When m = n, 3n, 5n,..., The mth-order amplitude Ac_m exists only when k = m / n, and is expressed by the following equation (5).

Here, when the amplitudes of the respective orders are arranged, the amplitude of the fundamental wave is 2 / π, and the amplitude of the nth-order fundamental wave is 2 / π. The harmonic amplitude is
・ When m = 1, 3, 5,..., 2 / (πm)
・ In the case of m = n, 3n, 5n,..., 2n / (πm)
It is.

  Accordingly, the fundamental wave distortion rates δb and δn are expressed by the following equations (6) and (7) from the equations (1) and (2), respectively.

<When n is an integer and is an odd number>
When n is an odd number, the second term nk in equation (3) is also an odd number, so that consideration is given separately for the case where only the first term is described and the case where it is described by the sum of the first and second terms. There is a need to.

  If m = 1, 3, 5,... and m ≠ n × k, the m-th order term can exist only when k = m in equation (3). Is expressed by the following equation (8).

  Further, when m = n, 3n, 5n,..., The m-th order terms are expressed by the following equations (9) and (10) when k = m and k = m / n, respectively. Expressed by the amplitude of the composite function.

  The amplitude Ac_m of the synthesis function of the equations (9) and (10) is expressed by the following equation (11).

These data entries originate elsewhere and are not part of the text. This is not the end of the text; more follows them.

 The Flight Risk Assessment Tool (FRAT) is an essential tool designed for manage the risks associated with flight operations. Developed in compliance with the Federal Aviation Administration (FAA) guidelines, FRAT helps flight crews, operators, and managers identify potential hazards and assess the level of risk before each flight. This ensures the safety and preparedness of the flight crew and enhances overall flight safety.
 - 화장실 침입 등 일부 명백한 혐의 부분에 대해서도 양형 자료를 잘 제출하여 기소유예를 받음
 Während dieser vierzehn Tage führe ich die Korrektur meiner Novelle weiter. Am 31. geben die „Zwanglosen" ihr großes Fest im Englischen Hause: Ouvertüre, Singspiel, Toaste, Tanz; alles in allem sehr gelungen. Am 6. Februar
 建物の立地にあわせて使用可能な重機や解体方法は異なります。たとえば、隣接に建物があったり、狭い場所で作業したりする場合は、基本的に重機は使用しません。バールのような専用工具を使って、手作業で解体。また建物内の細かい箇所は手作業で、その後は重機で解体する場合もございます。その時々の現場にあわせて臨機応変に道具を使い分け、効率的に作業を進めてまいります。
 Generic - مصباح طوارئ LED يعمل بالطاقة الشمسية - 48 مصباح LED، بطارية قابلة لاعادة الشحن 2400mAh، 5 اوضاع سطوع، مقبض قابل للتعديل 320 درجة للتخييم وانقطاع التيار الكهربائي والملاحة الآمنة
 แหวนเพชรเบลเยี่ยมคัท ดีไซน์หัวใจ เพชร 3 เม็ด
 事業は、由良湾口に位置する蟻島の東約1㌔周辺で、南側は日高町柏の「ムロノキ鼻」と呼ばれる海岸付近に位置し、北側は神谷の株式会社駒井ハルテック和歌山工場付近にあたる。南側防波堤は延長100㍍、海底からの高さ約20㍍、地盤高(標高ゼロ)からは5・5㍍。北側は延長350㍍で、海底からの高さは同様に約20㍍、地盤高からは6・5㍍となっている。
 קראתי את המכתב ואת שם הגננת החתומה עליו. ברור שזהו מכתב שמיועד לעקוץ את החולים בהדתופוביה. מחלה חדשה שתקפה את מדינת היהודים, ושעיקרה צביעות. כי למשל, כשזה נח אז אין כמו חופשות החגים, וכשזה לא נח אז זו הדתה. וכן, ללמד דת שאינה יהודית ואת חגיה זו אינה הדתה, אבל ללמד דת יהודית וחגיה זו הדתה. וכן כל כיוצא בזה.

Here, when the amplitudes of the respective orders are arranged, the amplitude of the fundamental wave is expressed as 2 / π, and the amplitude of the nth-order fundamental wave is expressed as 2 / (πn) × {n ² + 2n cos (−nφ) +1} ^1/2. The The harmonic amplitude is
When m = 1, 3, 5,... And m ≠ nk, 2 / (πm)
When m = n, 3n, 5n,..., 2 / (πm) × {n ² + 2n cos (−mφ) +1} ^1/2
It is.

  Therefore, the fundamental wave distortion rate δb and the nth order fundamental wave distortion rate δn are expressed by the following equations (12) and (13), respectively.

<When n is a fraction>
When the number of pole pairs p and s of the fundamental wave is a prime natural number and n (n = s / p) is a fraction, the composite magnetic flux density waveform is expressed by the following equation (14).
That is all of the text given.